If 2022 was the year of the “abortion refugee,” the term some used to describe women from red states seeking abortions in blue ones, then 2023 might well prove to be the year of the “transgender care refugee.”
This week, the GOP-controlled state legislature in Kentucky overrode the veto of Democratic Gov. Andy Beshear to pass extraordinarily onerous restrictions on trans care. Starting this summer, hormone therapy and puberty blockers for trans youths — which doctors say create developmental “pauses” — will be illegal, as will gender-assignment surgery.
Parents in Kentucky who want to initiate such care for their children will not be able to find it. And in cases where gender-affirming care is underway, doctors will have to end it (with limited exceptions), under penalty of losing their licenses.
In the past couple of months, legislatures have passed similar laws limiting or outlawing gender-affirming care in 10 other red states. But Kentucky’s law represents an acceleration. Not only is it arguably more stringent than most of the others, but Republicans also rolled over a Democratic governor to pass it.
And more is coming. Other GOP-run states — including Kansas, Missouri and Texas — are on their way to passing similarly restrictive bills. And others are likely to seize on the momentum generated in Kentucky to pass their own restrictions.

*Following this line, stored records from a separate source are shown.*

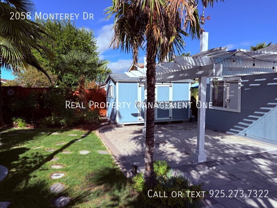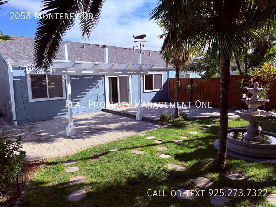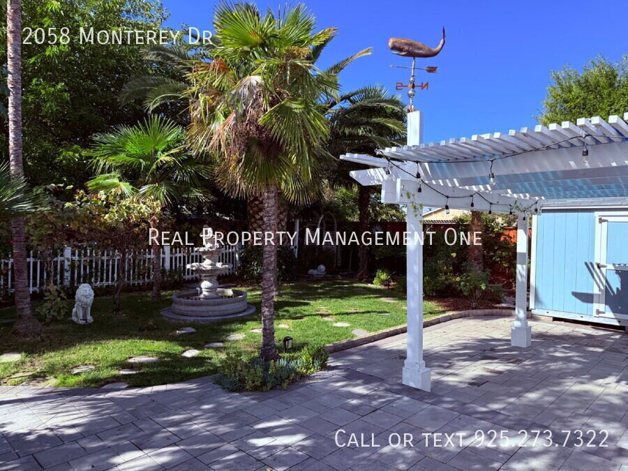 Do not miss out on this beautiful well kept 3 Bedroom, 2 Bathroom single story home with a terrific yard. The functional floorplan lends itself to easy day-to-day living. Offering a great space for special family time, the front living room features large windows, an attractive wood accent wall, and gas log fireplace for decorative purposes only. Showcasing white cabinets, newer 4-burner gas range, newrt microwave, newer Bosch dishwasher, and two appealing accent sun tunnels for additional natural light, the kitchen is open to the dining room. Sliding doors off the dining room provide for easy access to a secondary cozy, covered patio. Updated bathrooms include new vanities, lighting, bidets, shower door, and tub. New exterior and fresh, neutral interior paint, some new light fixtures, newer luxury vinyl plank flooring, new water heater, Ring camera, Nest, whole house fan, and plentiful attic/Tuff shed storage are just a few of the extra pluses. The backyard! The oversized two-tier, attractive, paver patio provides ample space for both the sun worshipper and those who prefer shade from the large pergola. Washer and dryer included in the 2-Car Attached Garage. Easy access to 580 Fwy and shopping. 18-Month lease preferred to start. No Smoking. Up to two small pets are considerd on an individual basis for additional pet deposit. Landscape maintenance can be provided for an additional $60 per month. Owner pays HOA; tenants are responsible for all other utilities. Refrigerator in the garage is included but without warranty along with the backyard fountain. Available Now! CA DRE#02047391Covered Patio
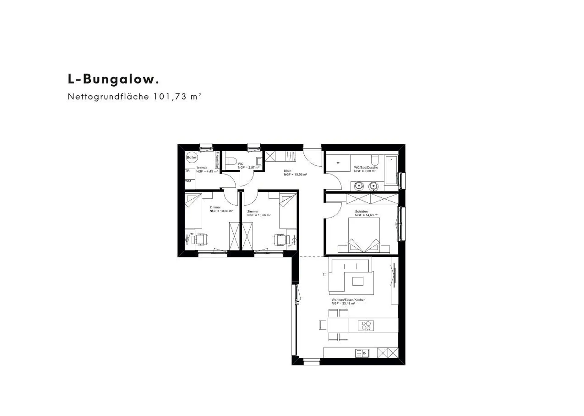 Der Haustyp Bungalow, mit einer Wohnfläche von ca. 101 m2, überzeugt durch klare Linien, offene Raumkonzepte und hochwertige Materialien. Individualplanung möglich!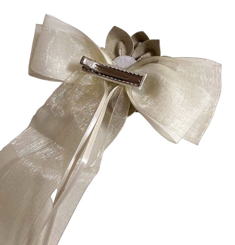 とても可愛くておしゃれなクリップ式のチュールリボンの帯飾りです。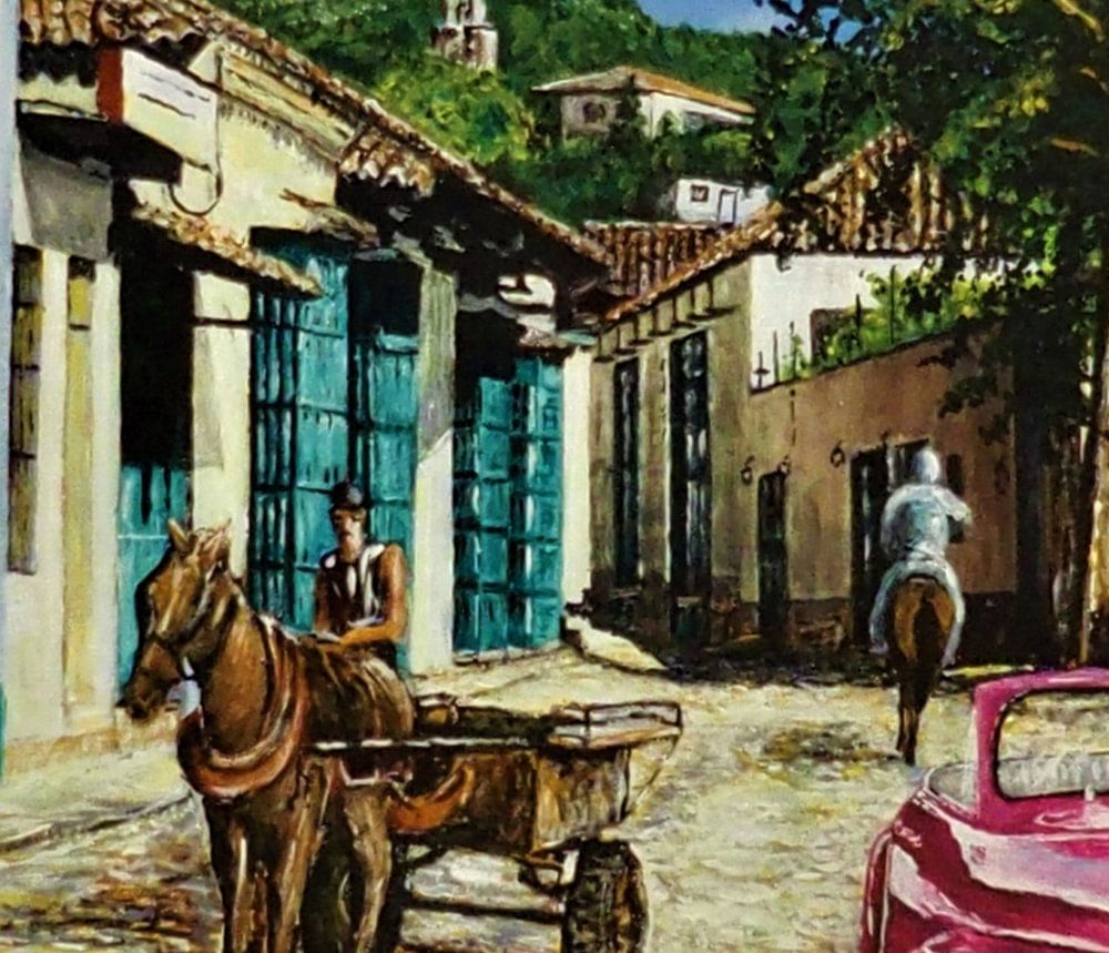 The image shows a lively street scene. In the foreground is an old pink car, next to it is a horse with a cart. In the background, several people can be seen moving on the street. The buildings along the street have colourful facades, and in the background, green trees and a blue sky can be seen. The scene exudes an atmosphere of everyday life and is painted in vibrant colours.
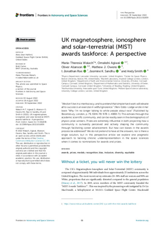 Walach, M.-T., Agiwal, O., Allanson, O., Owens, M. J. orcid id iconORCID: https://orcid.org/0000-0003-2061-2453, Rae, I. J., Sandhu, J. K. and Smith, A. (2022) UK magnetosphere, ionosphere and solar-terrestrial (MIST) awards taskforce: a perspective. Frontiers in Astronomy and Space Science, 9. 1011839. ISSN 2296-987X doi: 10.3389/fspas.2022.1011839

Although the overall picture is hard to predict, given ongoing court challenges, the reality is stark: Untold numbers of red-state families are about to find themselves without options for kids experiencing gender dysphoria and in need of treatment.

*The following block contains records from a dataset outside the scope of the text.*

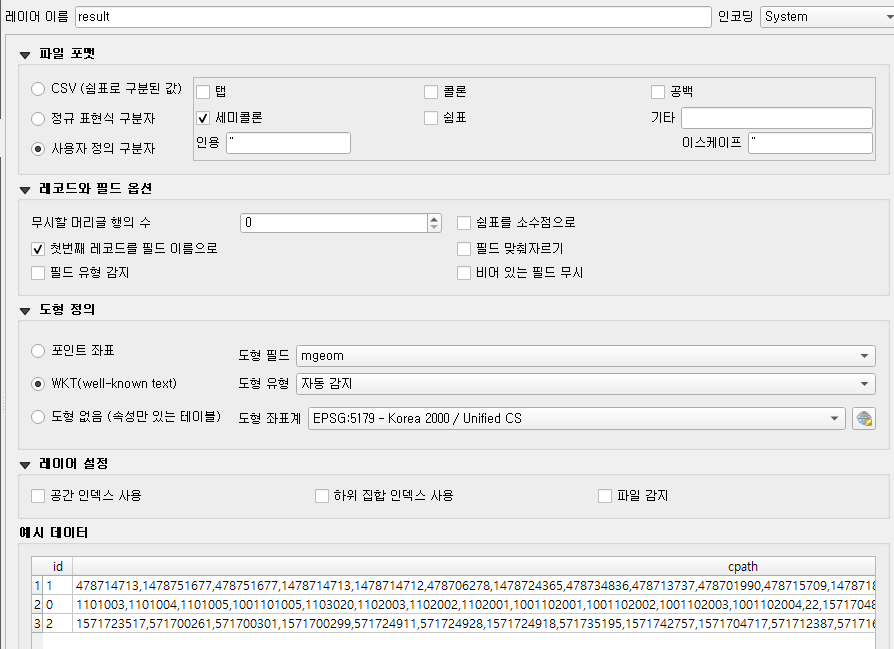 원본 라이브러리는 특정 좌표계에 구애받지 않는데, vuski 계정에 올린 라이브러리는 EPSG:5179 좌표계 기준으로 맞춰져 있다. srid에 다른 숫자를 넣어도 동작하지 않는다.(매개변수 자리는 만들어 놓았는데 함수 안에서는 쓰이지 않는다. )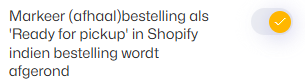 - Zet de instelling Markeer (afhaal)bestelling als 'Ready for pickup' in Shopify indien bestelling wordt afgerond aan.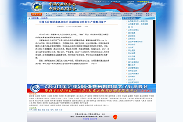 中國企業聯合會報道:中國五冶集團成都機電公司威鋼高速線材生產線順利投產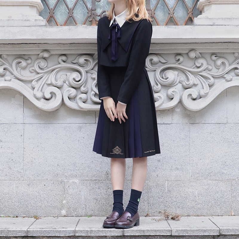 お手持ちのブラック系スカートとコーデしても病み可愛いスタイルに仕上がるショート丈ジャケットです。

“There is no infrastructure in place to support thousands of people who are going to be deprived of care almost instantaneously when some of these laws go into effect,” Chase Strangio, deputy director for transgender justice at the American Civil Liberties Union, told us. “Parents are absolutely panicking about what to do.”

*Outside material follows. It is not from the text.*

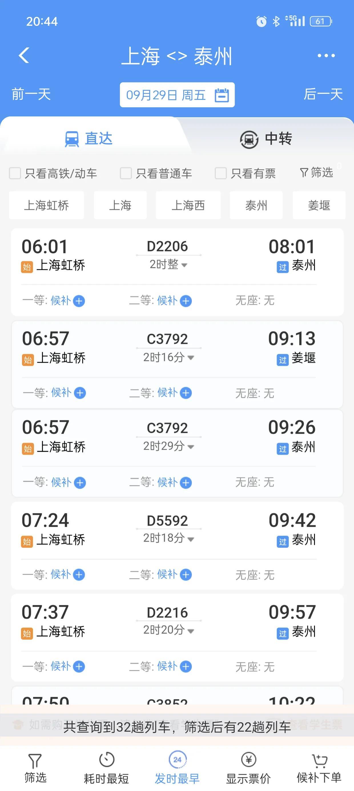 泰州才是班次最少的,上海到扬州的时间甚至比上海到泰州的时间还短。

Strangio noted that in states that have passed laws, ACLU affiliates are receiving “dozens of calls a day.” National LGBTQ advocacy organizations are already contemplating a future in which desperate families seek care in other states.
“We’re going to see more organizing around how to create safe spaces for these families,” Jean-Marie Navetta, director of learning and inclusion at the advocacy group PFLAG, told us. Such organizations, Navetta said, might have to create “a structure in which people can connect across state lines and understand what options might be available to them.”
Or as Jennifer Levi, a senior official at GLBTQ Legal Advocates and Defenders, bluntly put it: “Blue states will have to take on more of the responsibilities for providing care.”
This emerging geography of cruelty is already visible. Doctors in states facing bans are reporting a reluctance to treat new patients. Families are contemplating moving out of state to maintain their kids’ gender-affirming care, care that is endorsed by major medical organizations.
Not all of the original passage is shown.